A Hadoop filesystem driver built using JGit

Primary LanguageJavaApache License 2.0Apache-2.0

A JGit SDK-backed FileSystem driver for Hadoop

This is an experimental FileSystem for Hadoop that uses the JGit SDK. This has not been heavily tested yet. Use at your own risk.

Features:

  • Clones each given repo+branch once and uses a background thread to fetch updates
  • Proxies through to a read-only local filesystem driver for high speed
  • Default packaging uses an uber-jar for easy deployment
  • Download prebuilt jar from Maven Central

Import from Maven Central

<dependency>
    <groupId>com.simiacryptus</groupId>
    <artifactId>hadoop-jgit-fs</artifactId>
    <version>0.1</version>
</dependency>

Build Instructions

Build using maven:

$ mvn package

Copy jar and various dependencies to your hadoop libs dir (run 'hadoop classpath' to find appropriate lib dir):

$ cp target/hadoop-jgit-fs-0.1.jar /usr/lib/hadoop/lib/

Add the following keys to your core-site.xml file:

<!-- necessary for Hadoop to load our filesystem driver -->
<property>
  <name>fs.git.impl</name>
  <value>com.simiacryptus.hadoop_jgit.GitFileSystem</value>
</property>

You should now be able to run commands:

$ hadoop fs -ls git://github.com/SimiaCryptus/hadoop-jgit-fs.git/master/

Tunable parameters

These may or may not improve performance. The defaults were set without much testing.

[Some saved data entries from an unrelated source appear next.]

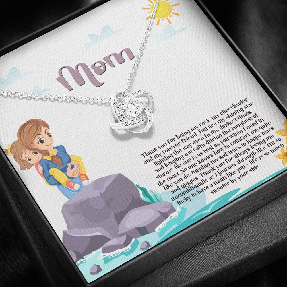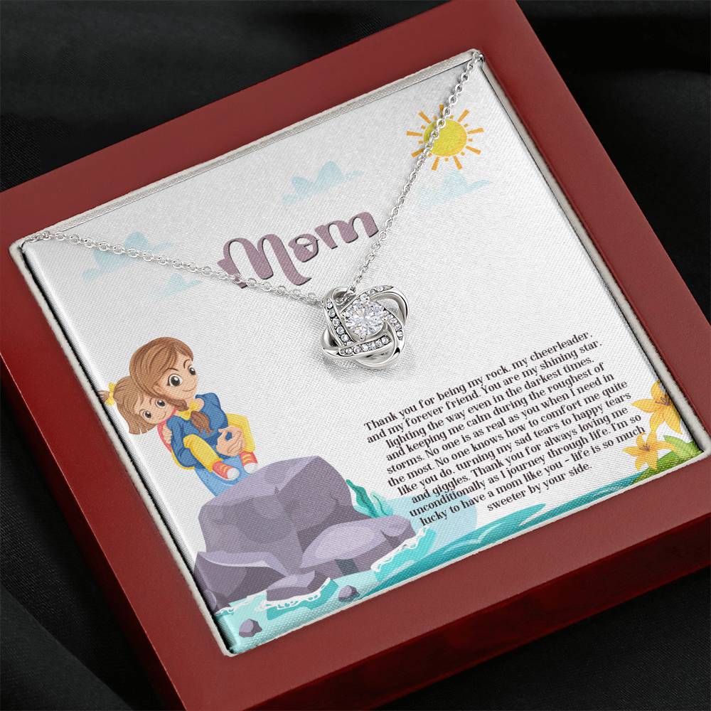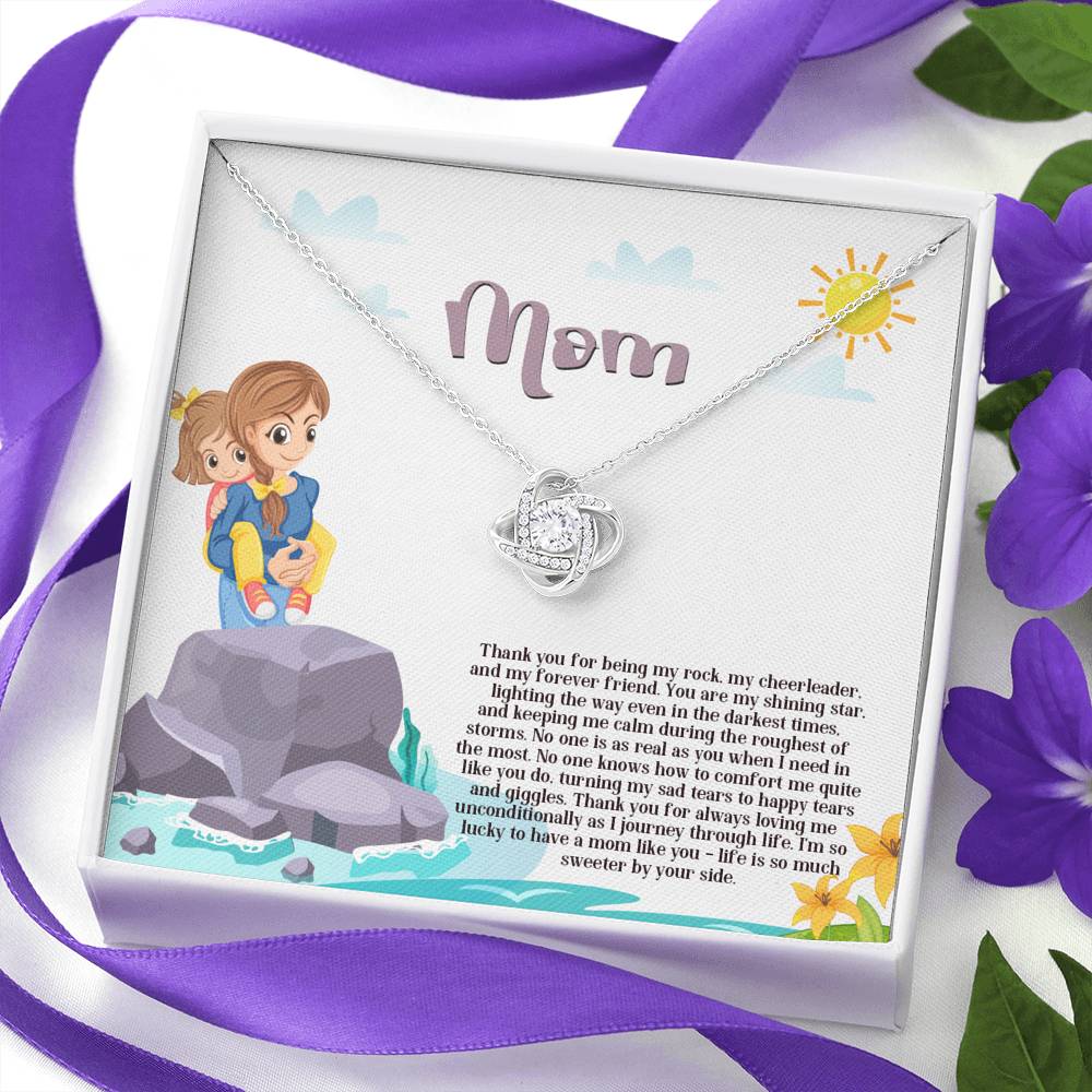 "Thank you for being my rock, my cheerleader, and my forever friend. You are my shining star lighting the way even in the darkest times and keeping me calm during the roughness of storms. No one is as real as you when I need it the most. No one knows how to comfort me quite like you do. Turning my sad tears to happy tears and giggles. Thank you for always loving me unconditionally as I journey through life. I'm so lucky to have a mom like you - life is so much sweeter by your side."
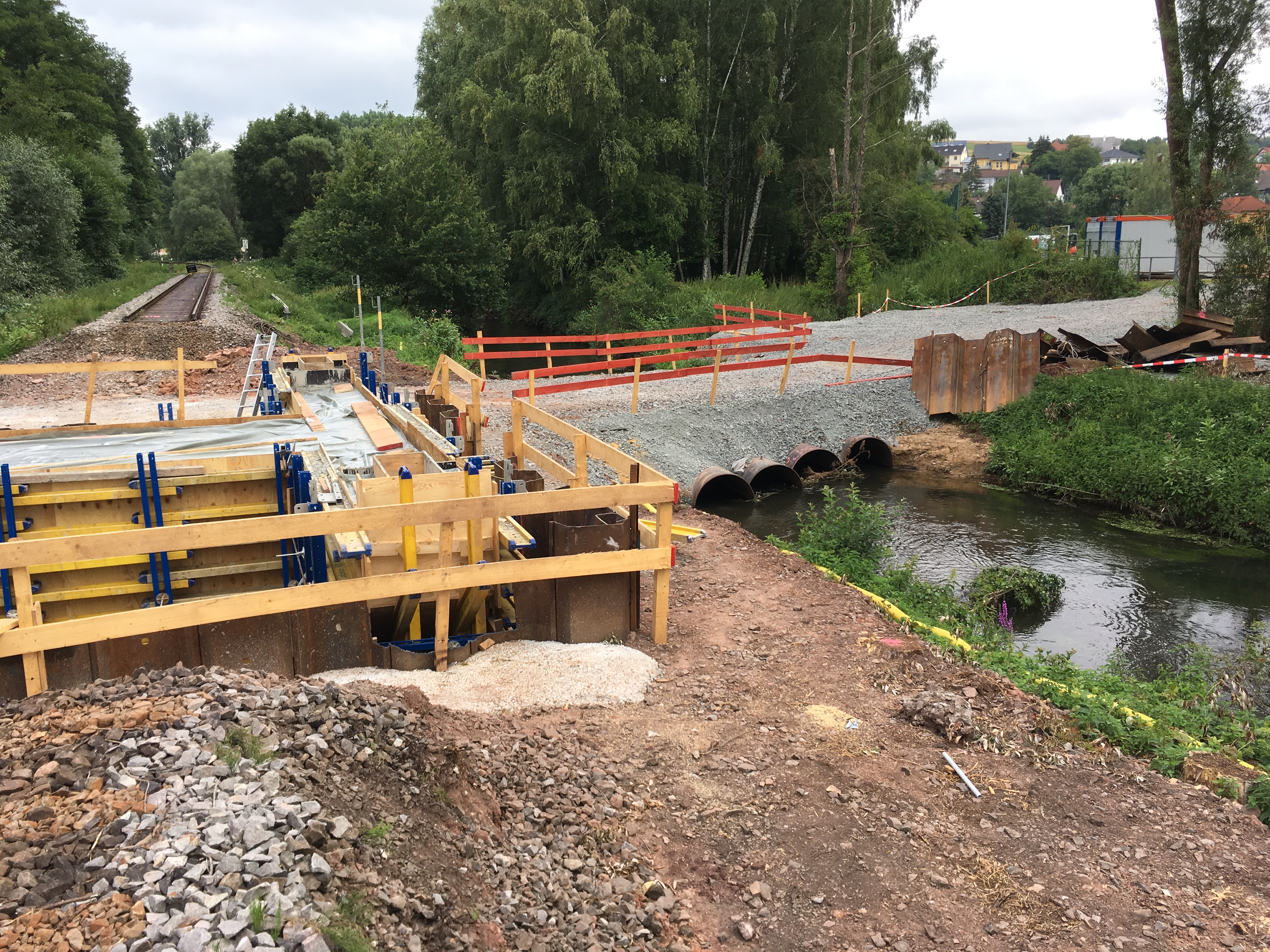 Erneuerung der Eisenbahnüberführungen auf der Strecke der Lautertalbahn Auf der eingleisigen Strecke 3302 (Lautertalbahn) bei Kaiserslautern wurden im Rahmen einer Gesamtmaßnahme 6 Eisenbahnüberführungen von WPI erneuert. Hier sind unsere Entwürfe mit unser anschließenden Ausführungsplanung durch die Firma H. Klostermann Baugesellschaft mbH in den Sommerferien 2018 gebaut worden.
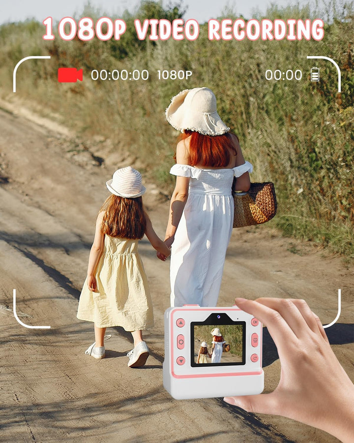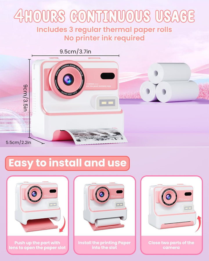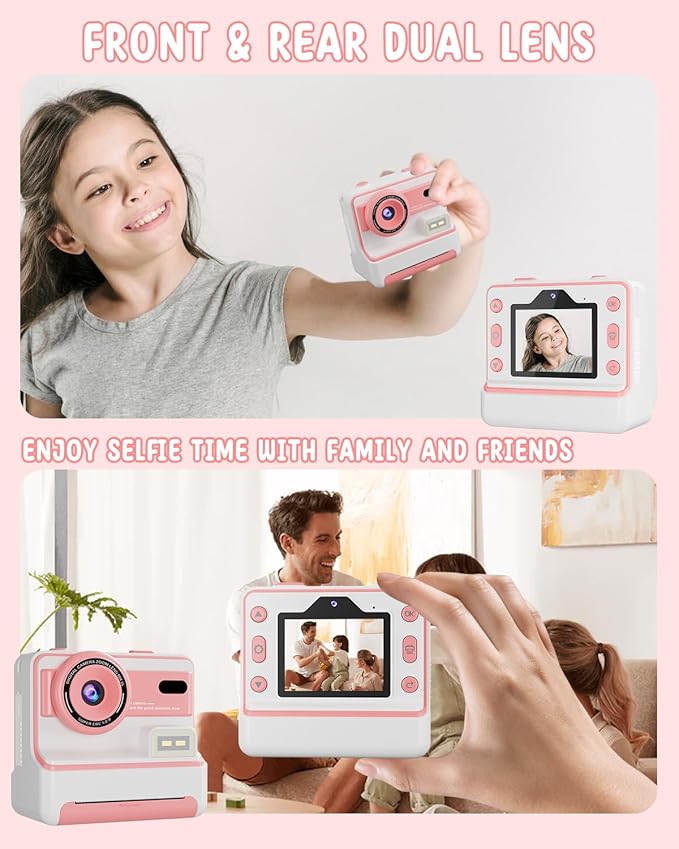 - đ¸ăSelfie Dual-LensăThe Kids Instant Print Camera is equipped with both front and rear lenses, providing endless possibilities for capturing stunning photos. Whether they're taking selfies, documenting their surroundings, or exploring different perspectives, this dual-lens setup ensures versatile and high-quality shots every time.

  • fs.jgit.pull.lazy - Frequency (in seconds) of foreground fetches
  • fs.jgit.pull.eager - Frequency (in seconds) of background fetches
  • fs.jgit.dismount.seconds - Idle time (in seconds) to dismount repo driver
  • fs.jgit.dismount.delete - If true, files will be removed when repo driver dismounts
  • fs.jgit.datadir - Data directory to use for local storage
  • fs.jgit.auth.user - Username for authentication (Optional)
  • fs.jgit.auth.pass - Password for authentication (Optional)

Caveats

This is currently implemented as a FileSystem and not a AbstractFileSystem.

Changes

0.1

  • Created